# Male poodle names?



## outwest (May 1, 2011)

What color, what size, what personality?  There are thousands of names. Pick something you are fond of and work from there. If you like music, think of musicians, for example. Too many male names!


----------



## The Opera Poodle (Dec 19, 2012)

Poodles are so smart so my short list was full of geniuses. It included Einstein, Edison, Aristotle, Darwin, Plato, Faraday, Pascal, Tesla (although it sounded a little female,) Hawking, and Churchill. I settled on a fictional genius - Sherlock. 
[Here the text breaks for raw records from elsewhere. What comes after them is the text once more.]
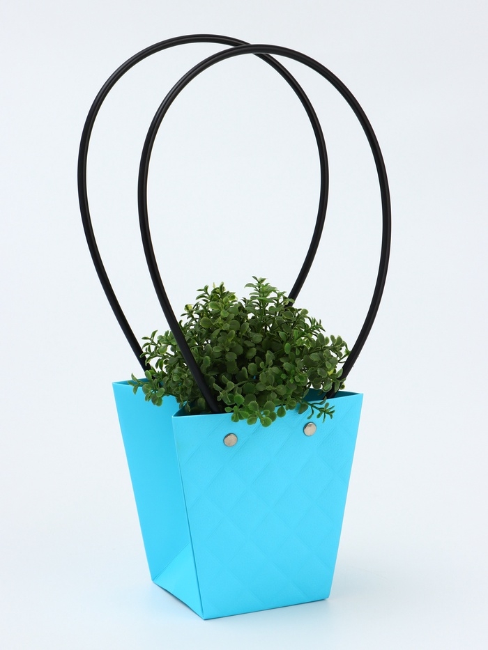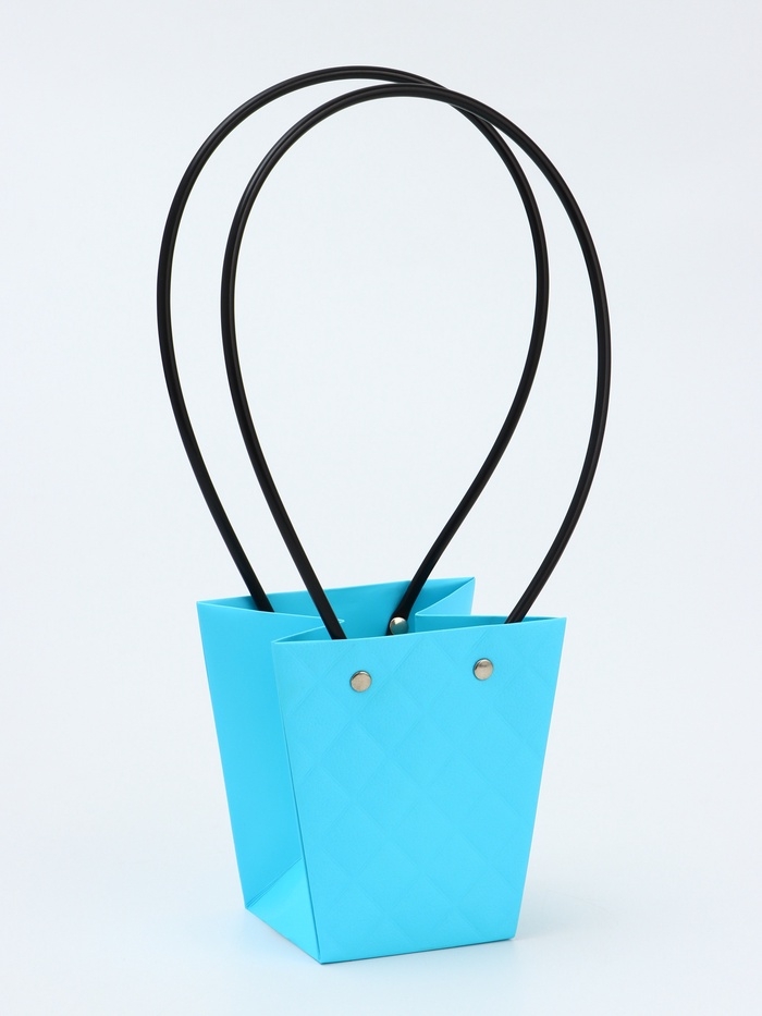 Сумка для цветов тиснение голубой влагостойкая, 12x12-8x8-12.5 см
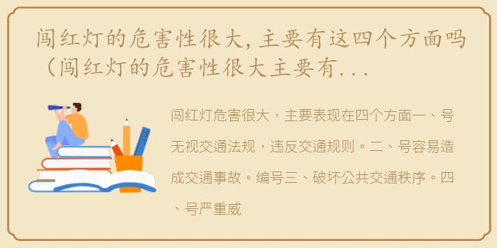 闯红灯危害很大,主要表现在四个方面一、号无视交通法规,违反交通规则。二、号容易造成交通事故。编号三、破坏公共交通秩序。四、号严重威胁自己和他人的生命财产安全。在违反交通法规的行为中,闯红灯是相当普遍的。这是对自己和他人安全的一种不尊重。机动车闯红灯的,扣6分,驾驶人执照被扣12分,需要进行满分教育,同时会处以一定的罚款。所以闯红灯对司机来说是得不偿失的。每天开车时,一定要避免闯红灯。以下是闯红灯的四大危害。
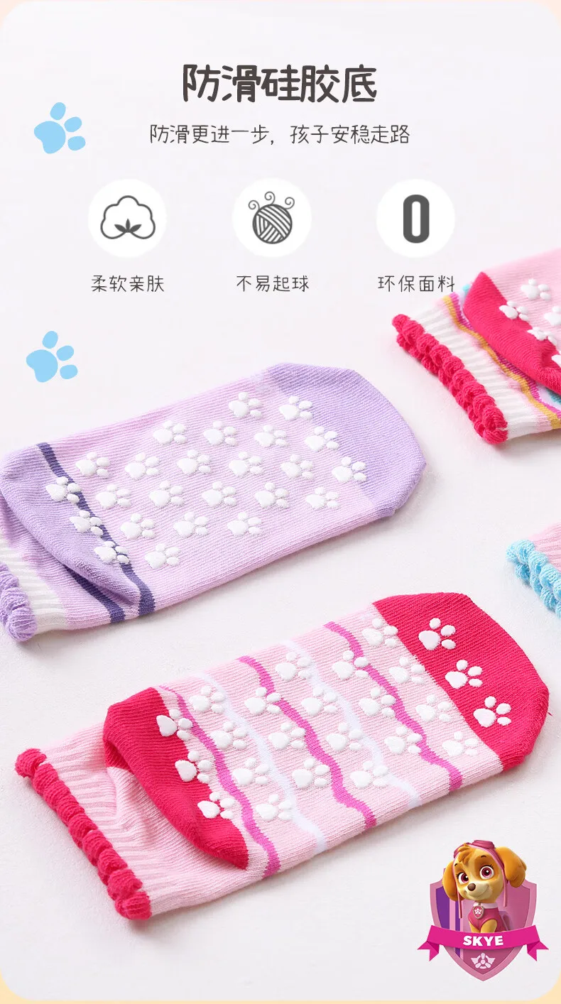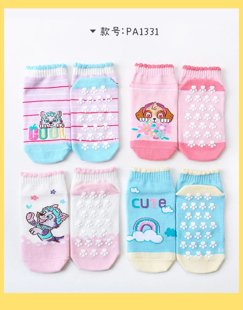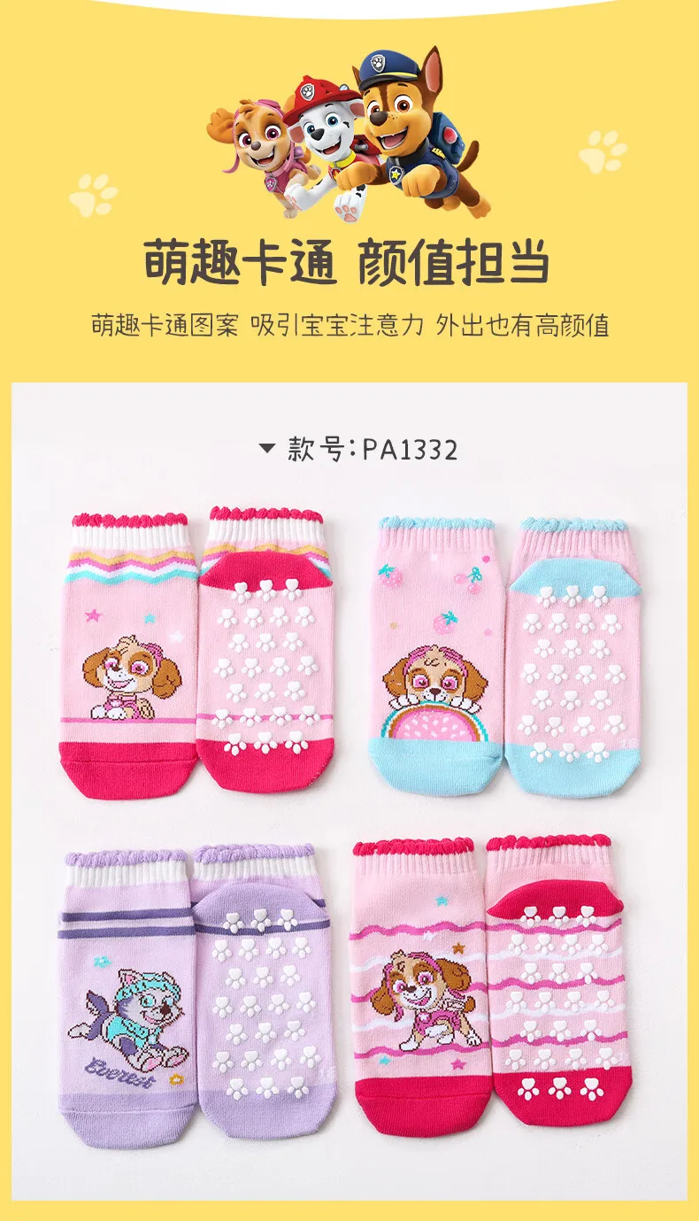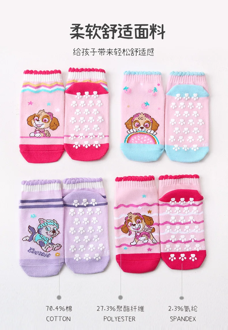 4Pairs Genuine Paw Patrol Children’s Anti-slip Boat Socks Boys Girl Cotton Floor Sock With Rubber Grips Four Season 2-6Years
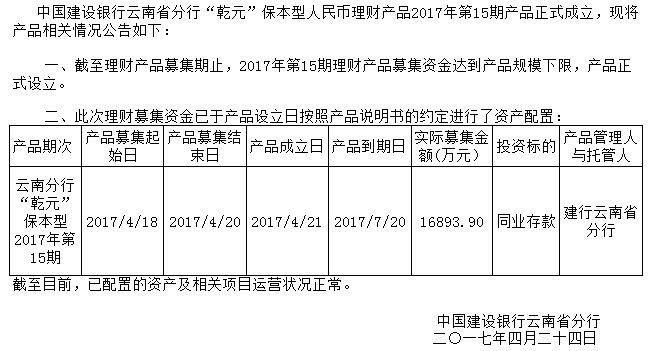 中国建设银行云南省分行“乾元”保本型人民币理财产品2017年第15期成立公告
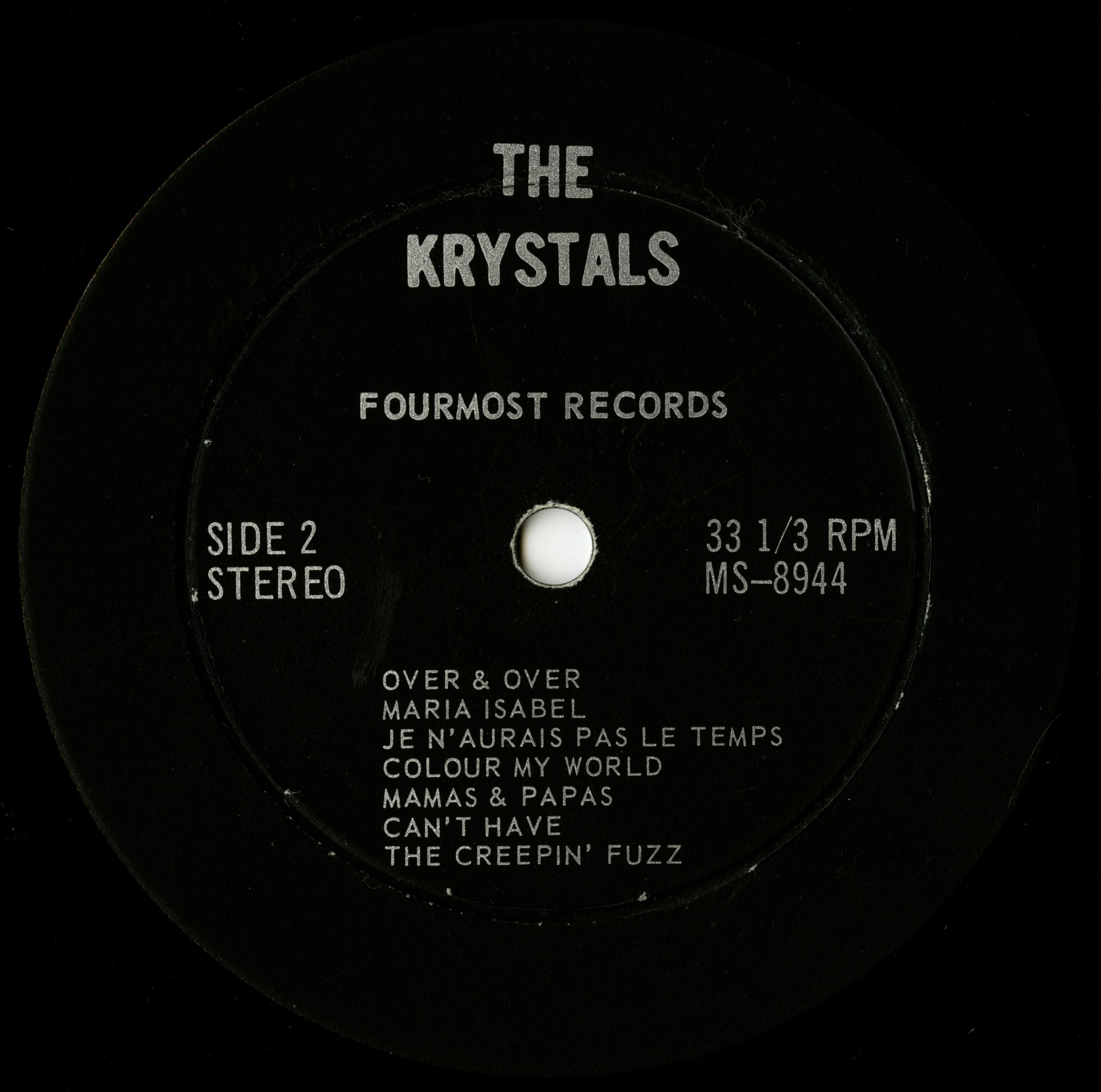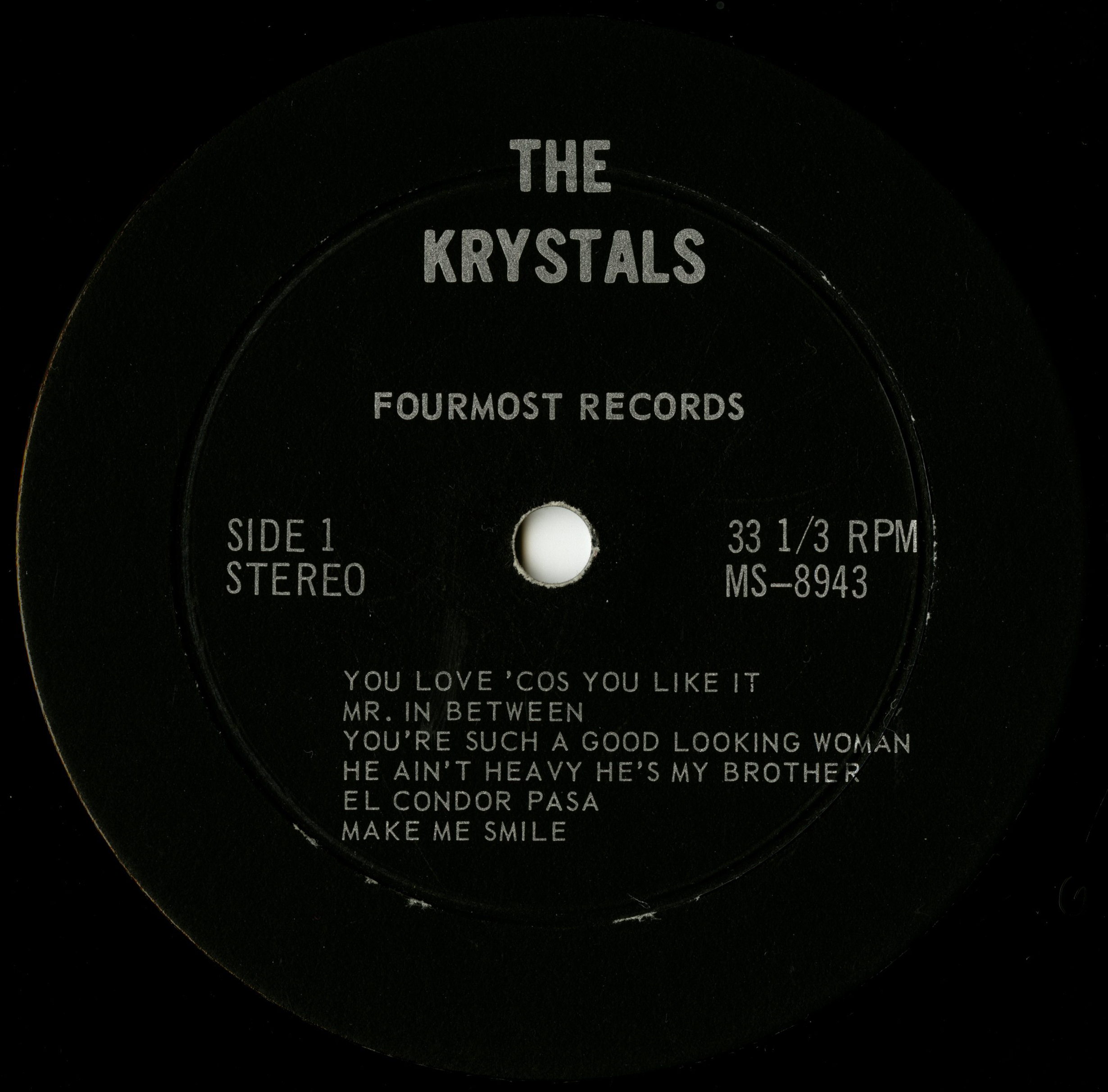 This self-produced and financed album was was recorded at R.C.A. studios in Montreal in November 1970 in a quantity of 2000 and was released in January, 1971. With the exception of 'The Creepin' Fuzz', which was written by Thornhill, the album contains cover tunes such as Simon & Garfunkel, The Hollies, and Chicago. Stan notes, "The recording was done in a tiring continuous session of 18 hours; it was an arduous job and this possibly explains the slight lack of quality. The reason for making the record was that I wanted to leave a palpable reminder of 'The Krystals' to the people of Labrador City after five years of playing music there. In the beginning of October, 1971 I went to work in South Africa, and that was also the end of the band."
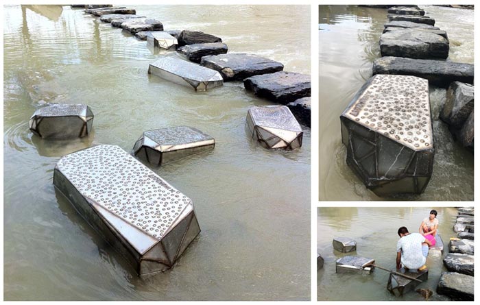 2017年,作者受邀參加在貴州隆里古鎮舉辦的“國際新媒體藝術季”駐地創作。在實地考察中了解到:隆里古鎮龍溪河碼頭河中用于過河、洗衣、渡船??康牟糠质^被洪水沖毀了,古鎮居民不能再踩著石頭過河。于是,作者用不銹鋼材料藝術化地復制河中的自然石頭,重新并且永久性安放于原來的空缺處。這組在地性較強的的不銹鋼雕塑作品,得到了策展人團隊和當地居民的積極肯定和贊賞。六年過去,當年一同參加本屆主題為“藝術、鄉村、不確定的空間”藝術季的中外藝術家的作品,如今有許多已經不見蹤影或者頹朽,而這一組被命名為《踩著石頭過河》的藝術“石頭”,卻讓古鎮的居民們越踩(過河)越新,越用(洗衣)越新鮮光亮!
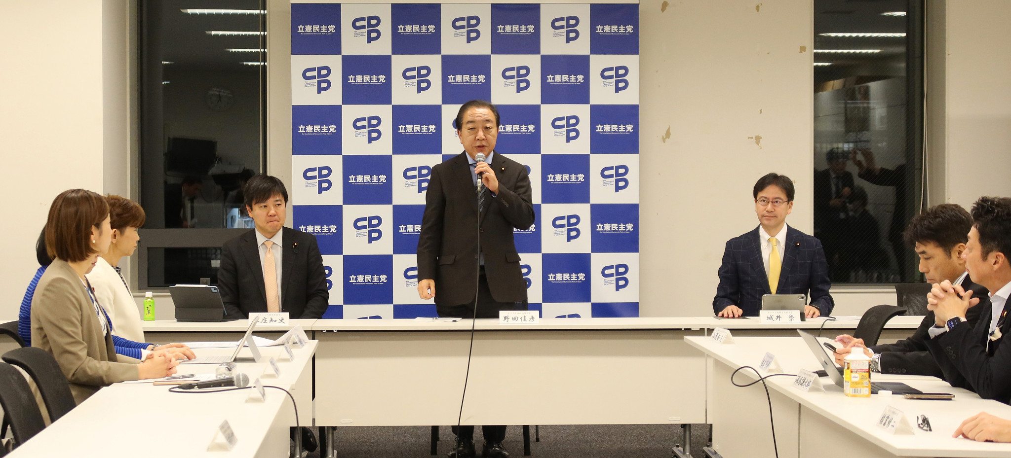 立憲民主党の「次の内閣」であいさつする野田佳彦代表(中央)=27日午後、国会内

Sent from Petguide.com Free App


----------



## Toy poodlelvr (Mar 24, 2013)

outwest said:


> What color, what size, what personality?  There are thousands of names. Pick something you are fond of and work from there. If you like music, think of musicians, for example. Too many male names!


Well outwest, it is a toy poodle , calm and laid back, and the colour is light apricot.:act-up:


----------



## Qarza (Feb 23, 2013)

Thinking of small and male: Gizmo, Yoda, ET. But look here http://www.lilpoodles.com/poodle_names.iml you may find something that suits.


Sent from Petguide.com App


----------



## ABGG (Jan 27, 2013)

*Male names*

What color is he?
What is his personality?
Do you like any names??
What size is he?


----------



## Carley's Mom (Oct 30, 2011)

When I was planning for a male dog last fall , I was going to name him Bode. But I also like Jagger. I ended up with a Stella. Don't think I will ever have a male, but I like the male names best.


----------



## cheshirekat7 (Feb 5, 2013)

I've always preferred to look at mythology & history when choosing names for pets. That's how Loki got his name - after the Norse god. Maybe have a read into some mythological stories for ideas, or browse through names of historical figures (eg Napoleon) or characters from books?


----------



## sah (Jan 19, 2012)

I've often thought my Ben SHOULD have been named "Velcro" because wherever I am, he is there! Also, the snow sticks to him like Velcro, creating non-removable snowballs!!! LOL!


----------



## salexander04 (Jan 15, 2013)

Apollo - Raffiki - someone from your favorite tv show or movie


----------



## Toy poodlelvr (Mar 24, 2013)

How about fabreezio or dominique? Does fabreezio sound more like a male or female?


----------